Please retype the listing below word for word and exclude its images.

(PROVIDED MATERIAL):
● ● ● ● ●

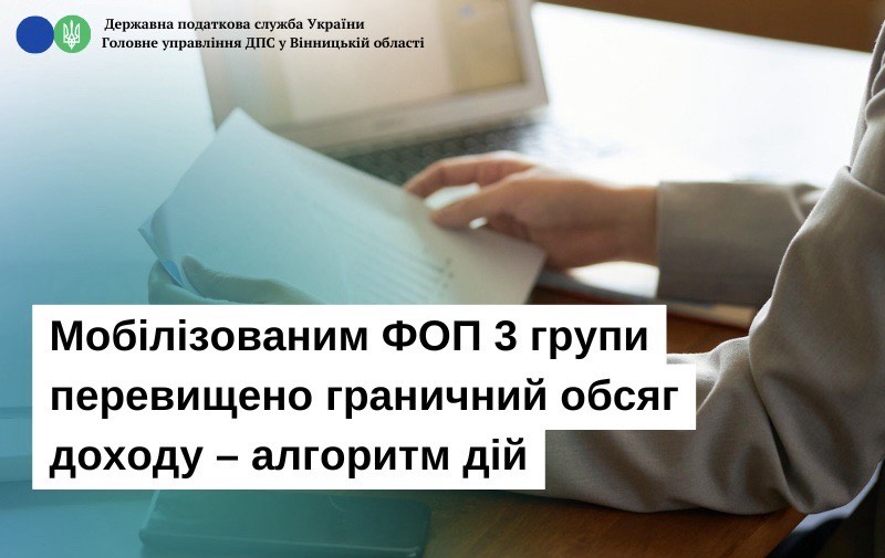 ГУ ДПС у Вінницькій області нагадує, що алгоритм дій, в разі перевищення платником єдиного податку граничного обсягу доходів, встановлено нормами Податкового кодексу України. Зокрема, ФОП 3 групи зобов’язаний перейти на загальну систему, якщо протягом календарного року, навіть під час військової служби, перевищено граничний обсяг доходу.
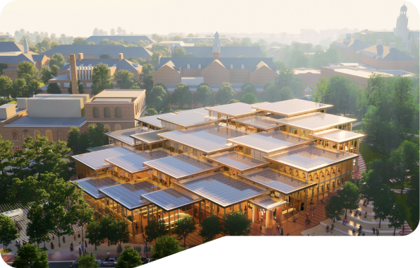 This 138,000-square-foot, four-story campus social hub, designed by Bjarke Ingels Group with Rockwell Group as Interior Architects and Shepley Bulfinch as Architect of Record, is intended to enhance creative expression and social engagement through its features including a 250-seat theater, dance studio, dining hall, and various outdoor gathering spaces.
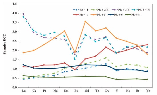The REY contents of the Permian coals range from 93 to 381 μg/g (189 μg/g, average), slightly higher than that of Chinese coals (136 μg/g, Dai et al. []). Furthermore, the parting samples have higher concentrations (367 μg/g on average) than coal samples. The contents of REY increase from the bottom to the top and reach the maximum adjacent to the partings. It is worth noting that the contents of REY in the roof sample are distinctly lower than in adjacent coal immediately below the roof (105 and 219 μg/g, respectively). The Upper Continental Crust (UCC [])-normalized REY distribution pattern is characterized by an L-type in the partings (PR-4-3, PR-4-4), M-type in the coal sample (PR-4-5), and H-type both in coal and non-coal samples (roof PR-4-T, coal PR-4-1, and parting PR-4-2). In addition, all the samples have moderate negative Eu anomalies (average Eu/Eu* value of 0.61) (Figure 12), indicating a derivation from felsic composition [].
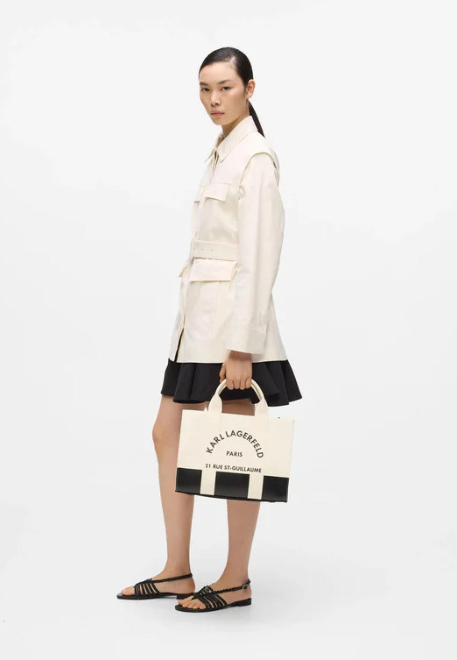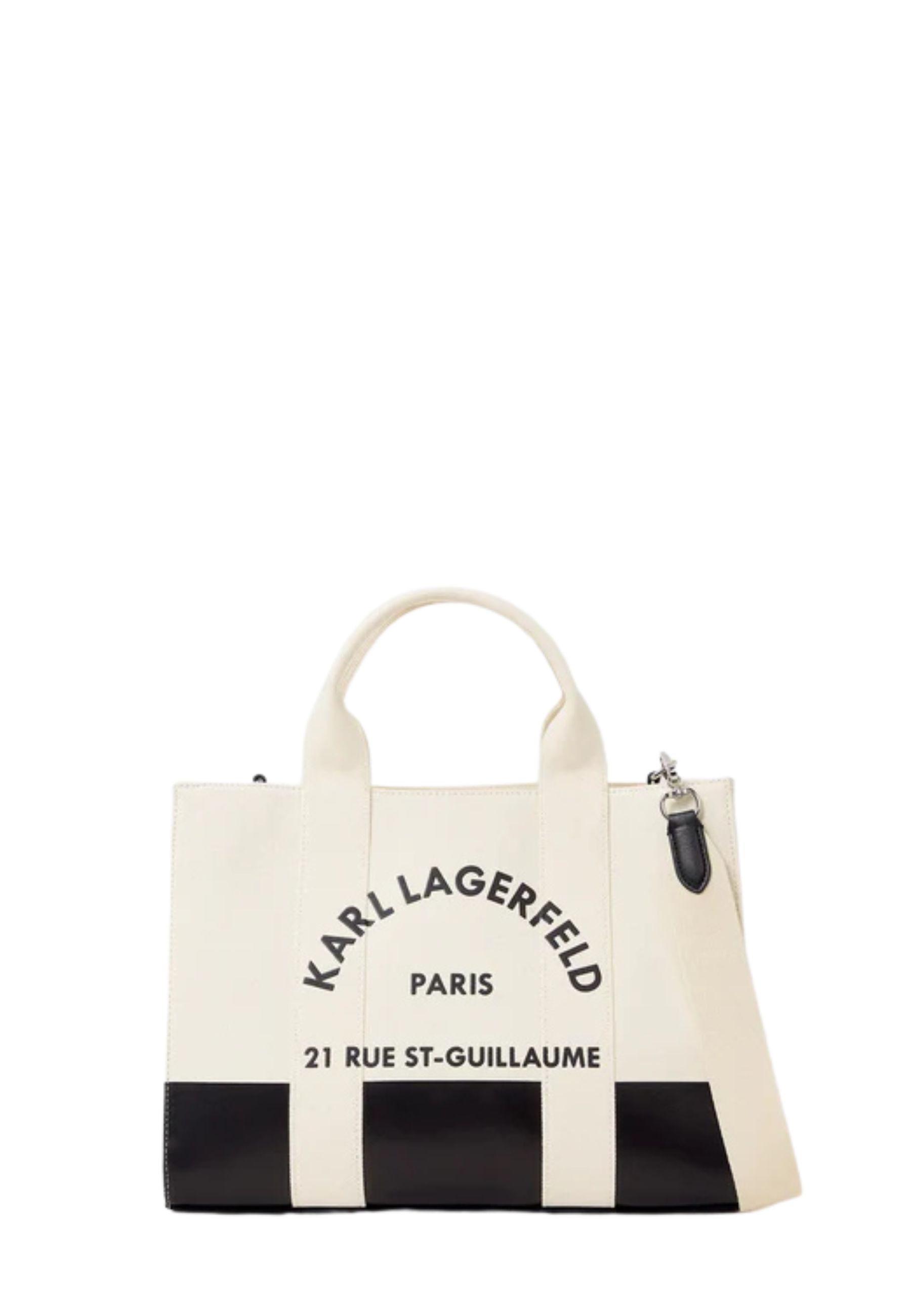 Shopper media dalla silhouette quadrata contemporanea, progettata per un utilizzo quotidiano pratico e strutturato. Il design essenziale è valorizzato dal maxi logo KARL LAGERFELD PARIS con scritta 21 Rue St-Guillaume a contrasto sul pannello frontale.

● ● ● ● ●

(ANSWER AREA):
 ГУ ДПС у Вінницькій області нагадує, що алгоритм дій, в разі перевищення платником єдиного податку граничного обсягу доходів, встановлено нормами Податкового кодексу України. Зокрема, ФОП 3 групи зобов’язаний перейти на загальну систему, якщо протягом календарного року, навіть під час військової служби, перевищено граничний обсяг доходу.
 This 138,000-square-foot, four-story campus social hub, designed by Bjarke Ingels Group with Rockwell Group as Interior Architects and Shepley Bulfinch as Architect of Record, is intended to enhance creative expression and social engagement through its features including a 250-seat theater, dance studio, dining hall, and various outdoor gathering spaces.
The REY contents of the Permian coals range from 93 to 381 μg/g (189 μg/g, average), slightly higher than that of Chinese coals (136 μg/g, Dai et al. []). Furthermore, the parting samples have higher concentrations (367 μg/g on average) than coal samples. The contents of REY increase from the bottom to the top and reach the maximum adjacent to the partings. It is worth noting that the contents of REY in the roof sample are distinctly lower than in adjacent coal immediately below the roof (105 and 219 μg/g, respectively). The Upper Continental Crust (UCC [])-normalized REY distribution pattern is characterized by an L-type in the partings (PR-4-3, PR-4-4), M-type in the coal sample (PR-4-5), and H-type both in coal and non-coal samples (roof PR-4-T, coal PR-4-1, and parting PR-4-2). In addition, all the samples have moderate negative Eu anomalies (average Eu/Eu* value of 0.61) (Figure 12), indicating a derivation from felsic composition [].
 Shopper media dalla silhouette quadrata contemporanea, progettata per un utilizzo quotidiano pratico e strutturato. Il design essenziale è valorizzato dal maxi logo KARL LAGERFELD PARIS con scritta 21 Rue St-Guillaume a contrasto sul pannello frontale.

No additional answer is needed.